• _About this exercise_
Write out again, word for word, the lines below from the line that holds "Fototapeta premium Basel" through the line that holds "Säljes runt köksbord.", omitting pictures.

• _Study material_
+++

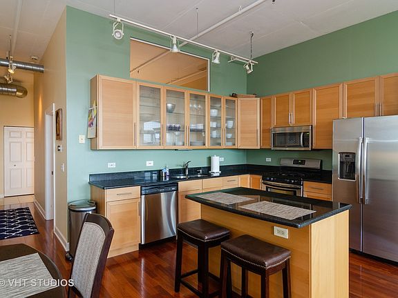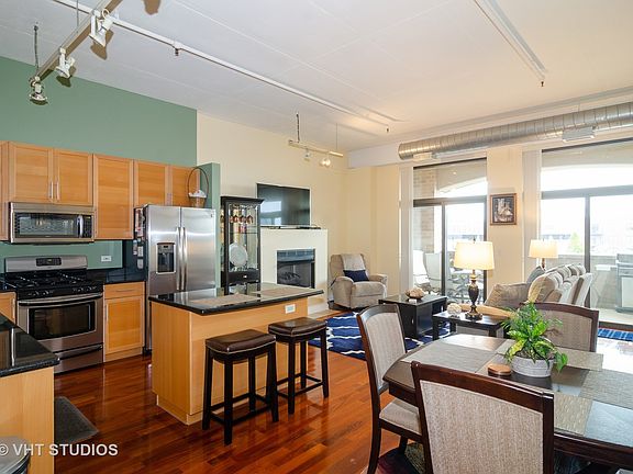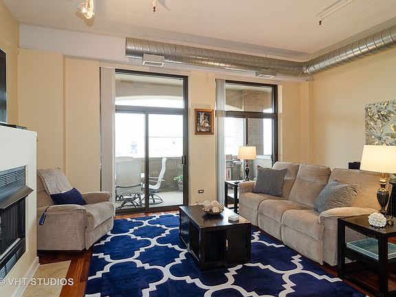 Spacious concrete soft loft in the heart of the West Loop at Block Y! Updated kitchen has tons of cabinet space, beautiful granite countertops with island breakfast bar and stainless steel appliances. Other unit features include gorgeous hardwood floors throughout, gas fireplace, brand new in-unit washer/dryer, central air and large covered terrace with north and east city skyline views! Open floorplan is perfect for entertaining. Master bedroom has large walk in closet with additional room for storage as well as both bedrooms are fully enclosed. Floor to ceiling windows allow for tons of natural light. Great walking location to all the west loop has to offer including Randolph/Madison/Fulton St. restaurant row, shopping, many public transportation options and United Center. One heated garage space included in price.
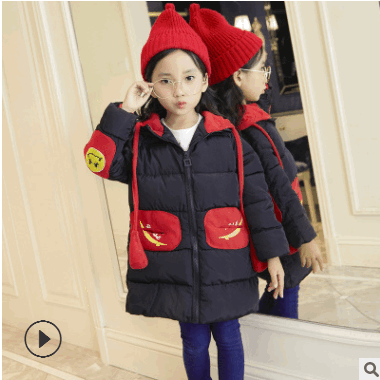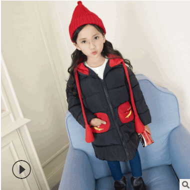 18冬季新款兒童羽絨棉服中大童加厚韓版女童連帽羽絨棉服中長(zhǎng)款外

+++

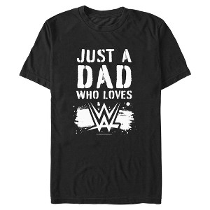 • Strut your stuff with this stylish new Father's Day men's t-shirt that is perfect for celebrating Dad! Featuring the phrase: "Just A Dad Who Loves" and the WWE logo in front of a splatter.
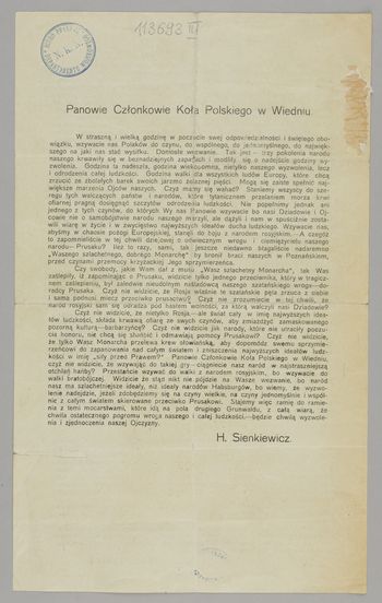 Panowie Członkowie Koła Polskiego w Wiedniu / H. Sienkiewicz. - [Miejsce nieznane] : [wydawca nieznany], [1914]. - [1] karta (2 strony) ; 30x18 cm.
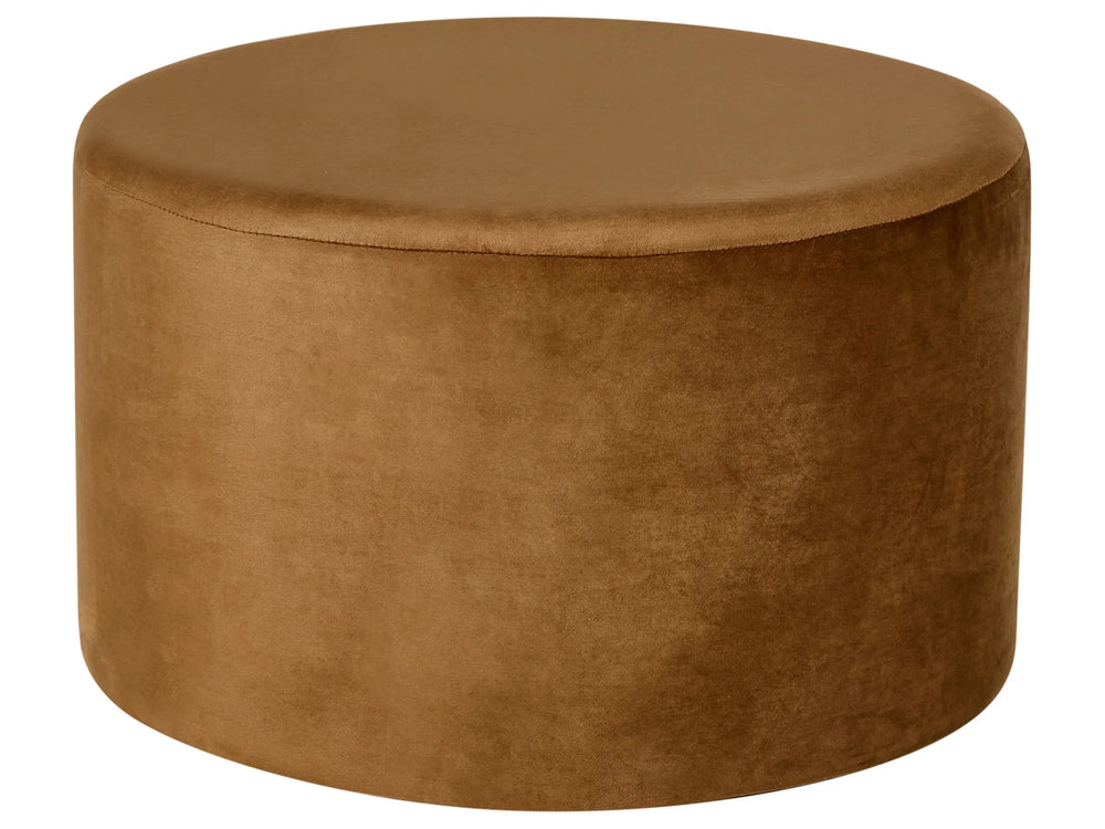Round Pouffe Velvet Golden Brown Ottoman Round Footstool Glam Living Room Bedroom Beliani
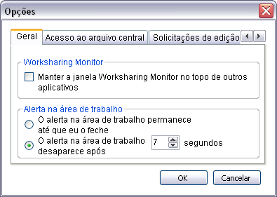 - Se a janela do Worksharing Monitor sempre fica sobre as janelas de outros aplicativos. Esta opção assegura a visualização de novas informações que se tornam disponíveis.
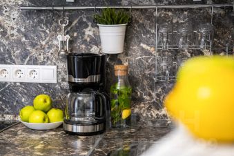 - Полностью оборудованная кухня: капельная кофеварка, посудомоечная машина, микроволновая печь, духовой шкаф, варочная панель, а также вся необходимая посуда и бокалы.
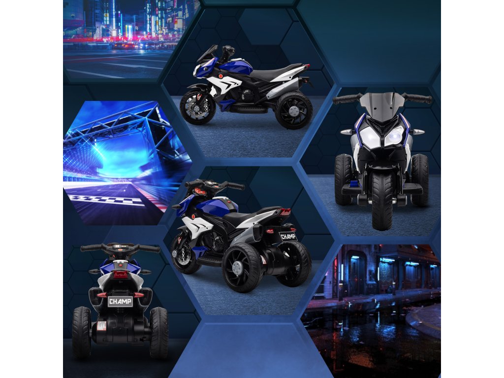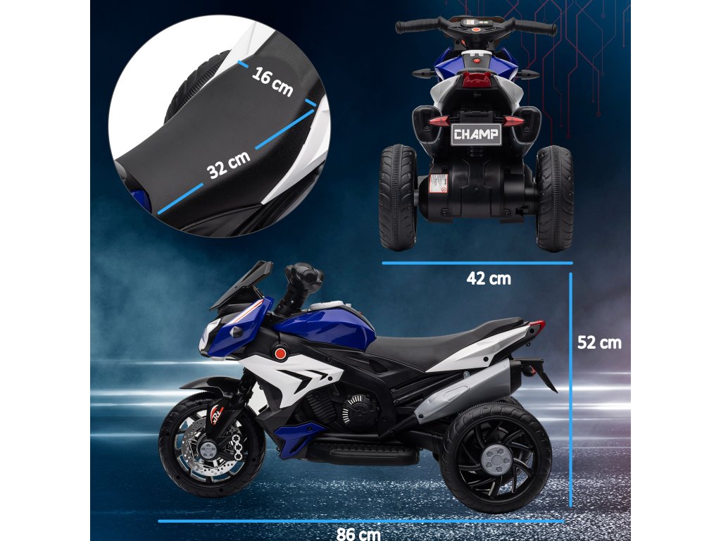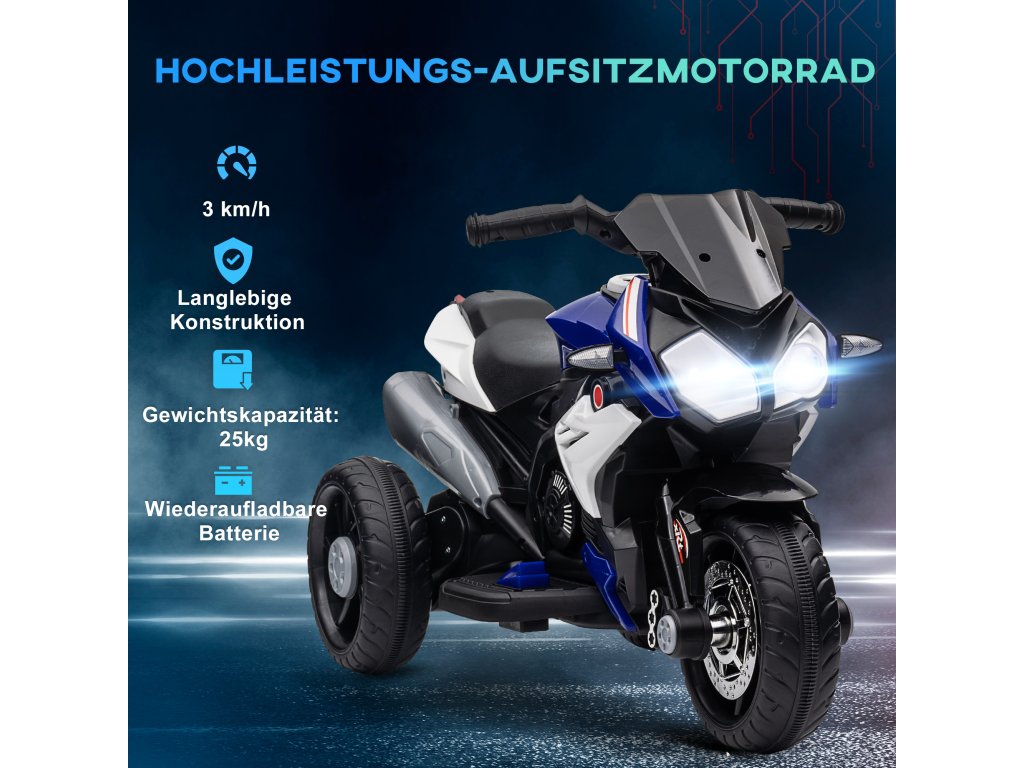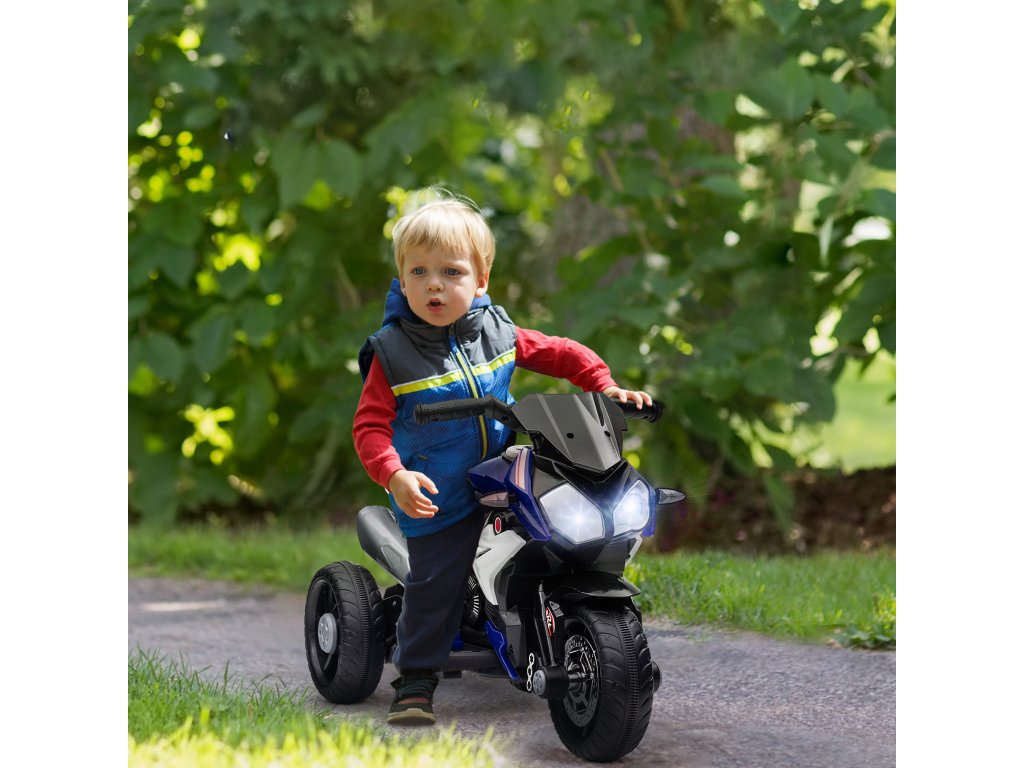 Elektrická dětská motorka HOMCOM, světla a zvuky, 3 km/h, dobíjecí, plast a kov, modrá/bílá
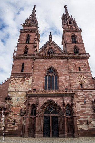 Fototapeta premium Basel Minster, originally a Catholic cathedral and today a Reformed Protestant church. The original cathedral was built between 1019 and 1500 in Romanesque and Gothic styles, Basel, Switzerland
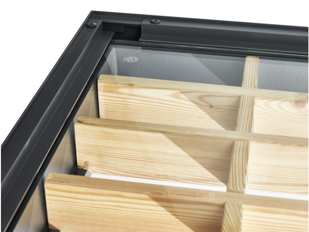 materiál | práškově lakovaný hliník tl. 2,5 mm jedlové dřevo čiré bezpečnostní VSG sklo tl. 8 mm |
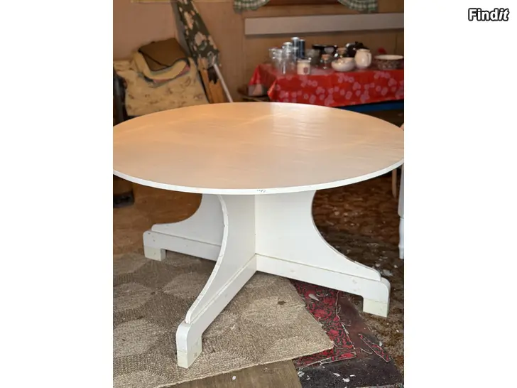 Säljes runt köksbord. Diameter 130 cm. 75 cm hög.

+++

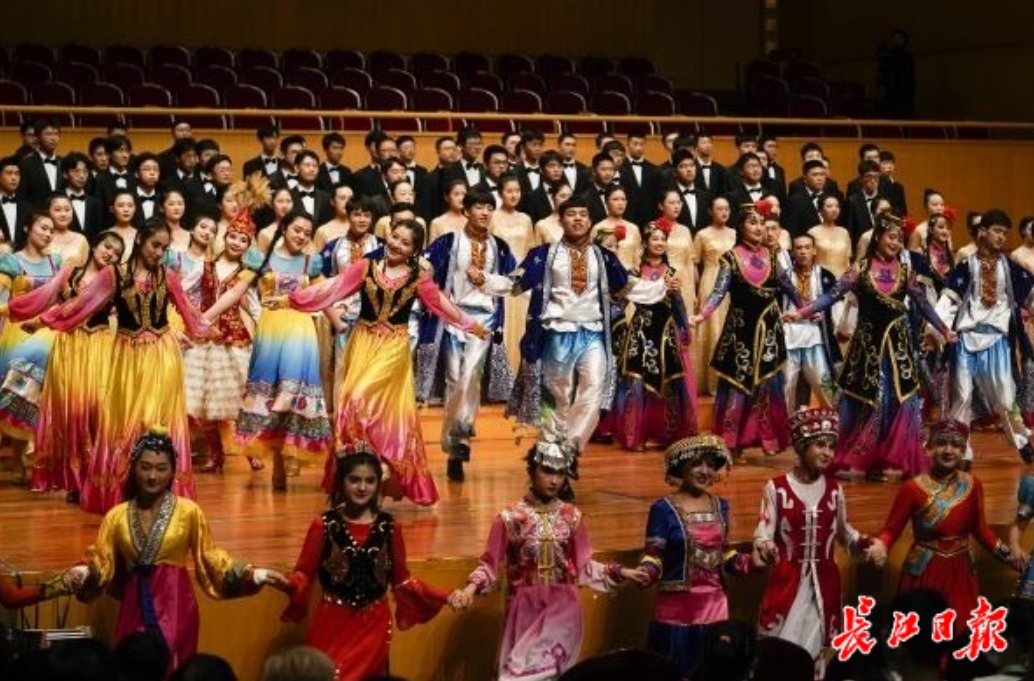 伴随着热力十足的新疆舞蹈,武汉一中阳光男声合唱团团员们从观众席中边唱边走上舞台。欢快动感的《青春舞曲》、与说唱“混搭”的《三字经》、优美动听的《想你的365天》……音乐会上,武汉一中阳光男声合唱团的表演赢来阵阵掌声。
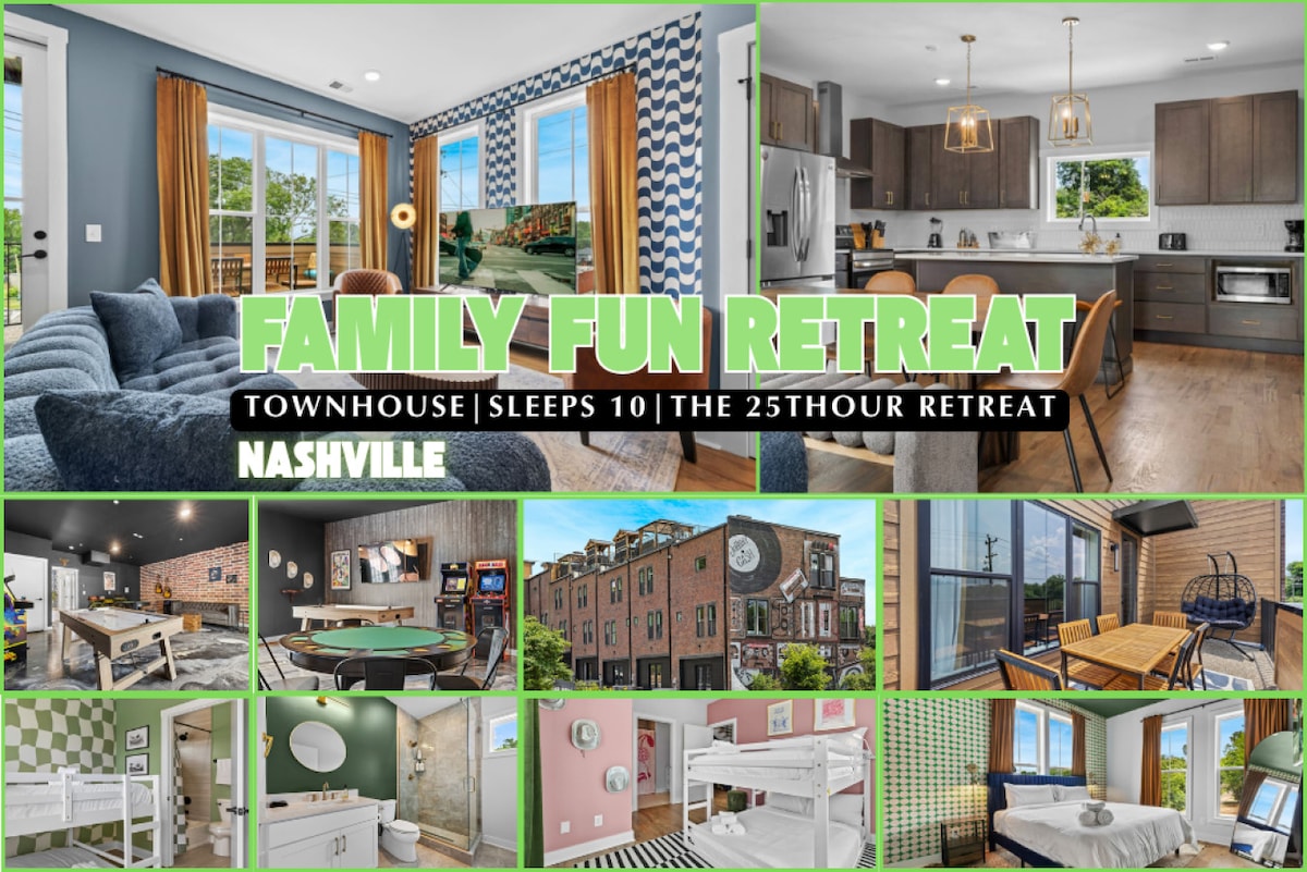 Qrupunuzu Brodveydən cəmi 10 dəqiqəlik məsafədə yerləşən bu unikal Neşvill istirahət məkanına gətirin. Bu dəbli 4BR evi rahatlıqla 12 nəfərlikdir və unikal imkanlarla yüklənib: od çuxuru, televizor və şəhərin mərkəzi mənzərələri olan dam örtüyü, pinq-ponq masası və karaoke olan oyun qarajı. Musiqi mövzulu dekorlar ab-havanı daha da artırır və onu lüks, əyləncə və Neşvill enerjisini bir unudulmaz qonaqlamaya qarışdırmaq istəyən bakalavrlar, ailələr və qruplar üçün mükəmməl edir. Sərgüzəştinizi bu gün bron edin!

+++

• _Worked solution_
 Fototapeta premium Basel Minster, originally a Catholic cathedral and today a Reformed Protestant church. The original cathedral was built between 1019 and 1500 in Romanesque and Gothic styles, Basel, Switzerland
 materiál | práškově lakovaný hliník tl. 2,5 mm jedlové dřevo čiré bezpečnostní VSG sklo tl. 8 mm |
 Säljes runt köksbord. Diameter 130 cm. 75 cm hög.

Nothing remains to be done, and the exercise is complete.